In der zweiten Hälfte des 17. Jahrhunderts und dem Anfang des 18. Jahrhunderts waren die Festapparate besonders beliebt. Im gesamten mitteleuropäischen Raum, an weltlichen sowie auch an geistlichen Fürstenhöfen, beim Adel so auch beim Klerus und in Klöstern waren sie vertreten. Bei den Habsburgern ist jedoch relativ früh eine besonders reichliche Ausschmückung des Castrum doloris, etwa mit Emblemen, zu verzeichnen.

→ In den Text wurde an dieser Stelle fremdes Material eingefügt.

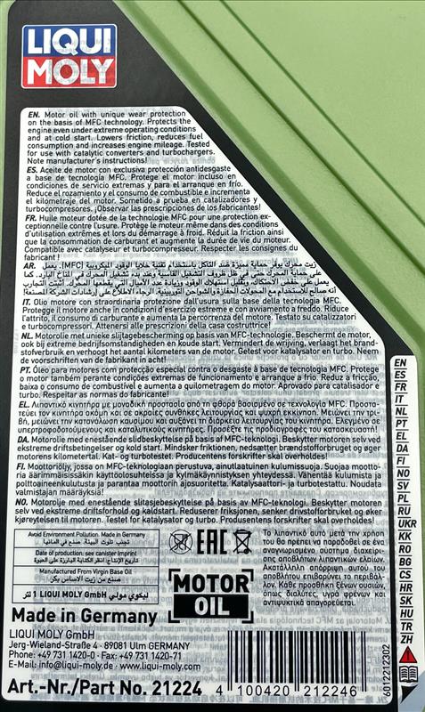 Synthetic technology low-friction motor oil with innovative Molygen wear-protection technology and extremely high power reserve for maximum performance. Good dirt suspending and cleaning capacity ensures optimum engine cleanliness. The results are savings in fuel and an extended service life for the engine. Assures reliable operation and maximizes the operating life of the diesel particulate filter (DPF). Exceeds the test requirements of well-known vehicle manufacturers.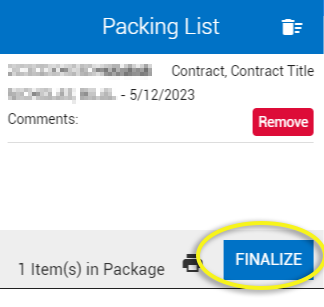 The Packing List works similarly to the Requesting Cart. Add all the documents you're going to put in a package here. * Make sure to click FINALIZE when you are finished. *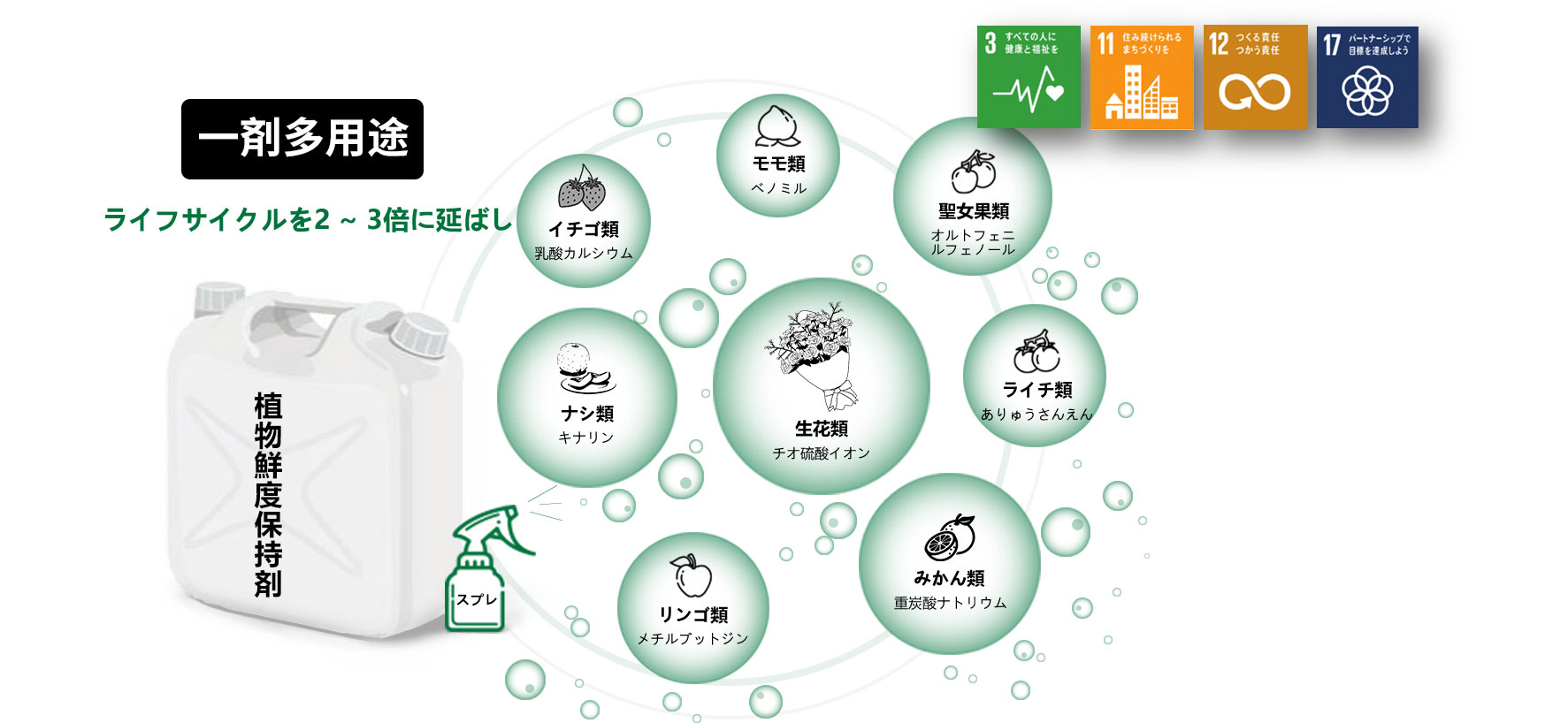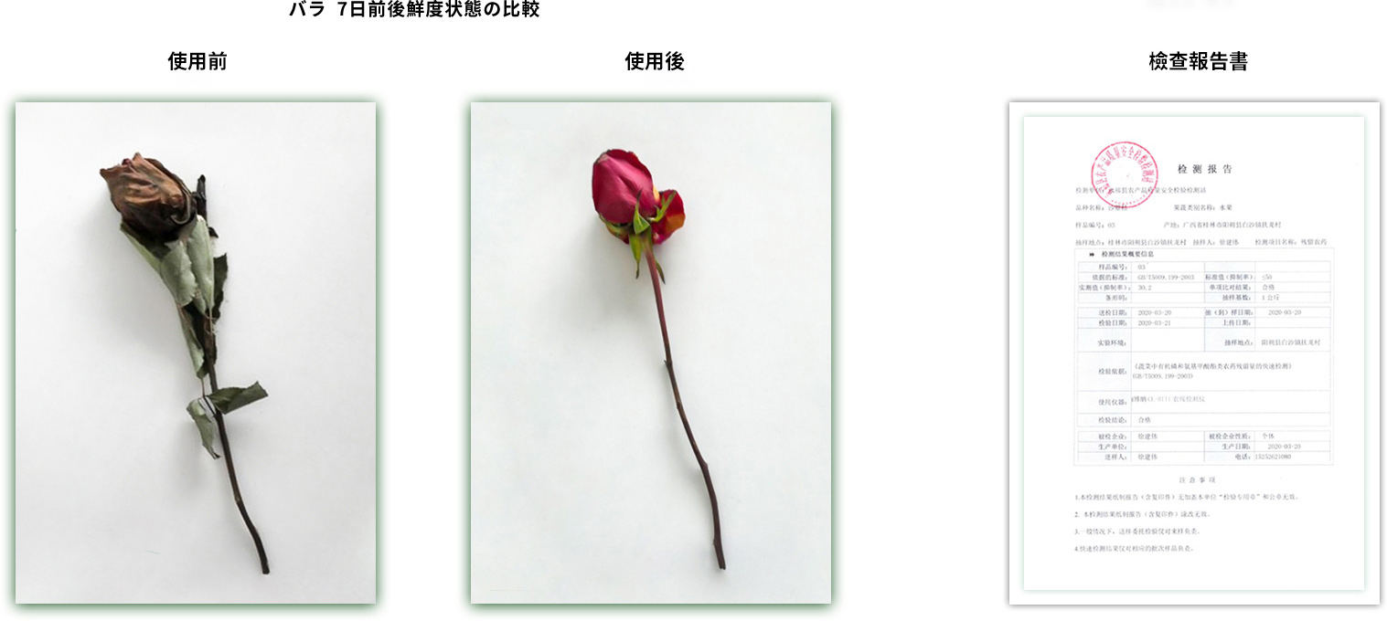 効率良く生鮮品の無駄廃棄を減らす。新しい技術を用い、包裝にスプレだけで、青果、野菜、生花などに直接觸れず、そのライフサイクルを2 ~ 3倍に延ばし、安全且つ衛生的である。

Dirck van Delen: Porträt einer unbekannten Familie vor der Grablege von Willem I. von Oranien in der Nieuwe Kerk in Delft, 1645; Rijksmuseum Amsterdam

Überlieferung

Castrum doloris“ ist der Titel einer extraordinairen Abendmusik von Dietrich Buxtehude aus Anlass des Todes von Kaiser Leopold I. 1705 (BuxWV 134). Während das Textbuch erhalten ist, ist die Komposition verschollen. Da das Castrum doloris eine temporäre Inszenierung war, wurden seine Aufbauten und Dekorationen nicht erhalten, sondern lediglich in Illustrationen dokumentiert. Die barocke Kunst des Grabdenkmals referenzierte diese vergängliche Manier der Totenfeierlichkeit und hat sie in skulpturaler Form bewahrt.

Literatur

  • Benjamin Favrin: Praxis sollemnium functionum episcoporum ac praclatorum episcopis interiorum iuxta ritum Romanum. Editio altera. Pustet, Regensburg 1926, S. 124–131.
  • Magdalena Hawlik-van de Water: Der schöne Tod. Zeremonialstrukturen des Wiener Hofes bei Tod und Begräbnis zwischen 1640 und 1740. Herder, Wien u. a. 1989, ISBN 3-210-24945-8 (Zugleich: Wien, Univ., Diss., 1989).
  • Liselotte Popelka: Castrum Doloris oder „Trauriger Schauplatz“. Untersuchungen zu Entstehung und Wesen ephemerer Architektur. Verlag der Österreichischen Akademie der Wissenschaften, Wien 1994, ISBN 3-7001-2089-3 (Österreichische Akademie der Wissenschaften. Veröffentlichungen der Kommission für Kunstgeschichte 2).
  • Georg Schrott: Trauer- und Festdekorationen in den bayerischen Klöstern des 17. und 18. Jahrhunderts. Kunstgeschichtliche Hinweise aus der Personalschriftenforschung. In: Studien und Mitteilungen zur Geschichte des Benediktinerordens und seiner Zweige. 109, 1998, ISSN 0303-4224, S. 275–290.